Another vital component of Giuliani’s crime-fighting approach was the use of COMPSTAT, an organizational management tool that employs Geographic Information Systems to map crime and identify specific problem areas. In weekly meetings, NYPD executives met with local precinct commanders to discuss the problems revealed by COMPSTAT and devise strategies to deal with them.

The results of Giuliani’s efforts were extraordinary, as evidenced by the fact that during his eight years in office, the incidence of homicide in the city fell dramatically, from 1,946 in Dinkins’ final year as mayor, to 1,561, to 1,177, to 983, to 770, to 633, to 671, to 673, to 649.

When Republican Michael Bloomberg succeeded Giuliani as mayor in 2002, he continued the same anti-crime strategies as his predecessor. As a result, homicide rates in the city fell even lower, ranging between 471 and 597 during each of his first ten years in office.

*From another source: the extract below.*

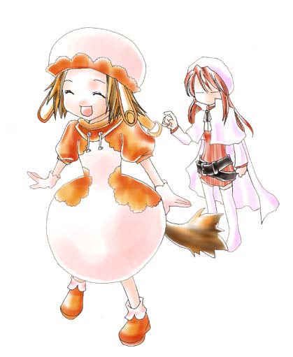 「SUMMON NIGHT」 「3」発売カウントダウン企画(?)6枚目。 どうゆうわけか、モナとアティです。 いやさ、やっぱり主人公を描かねば、と思ったのですが、そもそも この企画を始めるときに、最後はモナティだ!と思ってたのでサ。

Those who have benefited most, by far, from the policies put in place by Giuliani (and later Bloomberg), are the black and Hispanic residents of such traditionally high-crime areas as Brooklyn’s 75th Precinct, Bedford-Stuyvesant’s 81st Precinct, and Harlem’s 28th Precinct. Indeed, blacks and Hispanics have accounted for 79% of the decline in homicide victims citywide since 1993. Manhattan Institute Fellow Heather MacDonald estimates that “more than 10,000 black and Hispanic males avoided the premature death that would have been their fate had New York’s homicide rate remained at its early-1990s apex.” Also between 1993 and 2011, the number of rapes that occurred annually in New York City declined by 54.8%; robberies fell by 80.3%; felony assaults dropped by 57.8%; and burglaries were reduced by 84.6%. This means that many tens of thousands of black and Hispanic would-be victims were spared the anguish associated with those crimes as well.

Footnotes:


  1. “As such frustrations build and pressures mount,” Dinkins reasoned, “people are more likely to lash out. In tough times, child abuse increases, alcohol abuse rises, and the bonds of civility and decency fray.” In a similar vein, Dinkins urged black New Yorkers to “repress” their own “rage” over the fact that they themselves “have never been free from fear of attack.” Invoking the name of Yusef Hawkins, a black Brooklyn youth who had been killed by a group of whites in racially charged circumstances nine months earlier, the mayor lamented that as a result of the “hate that was unleashed upon” Hawkins, “the city can never be fully healed, and his sacrifice must never be forgotten.”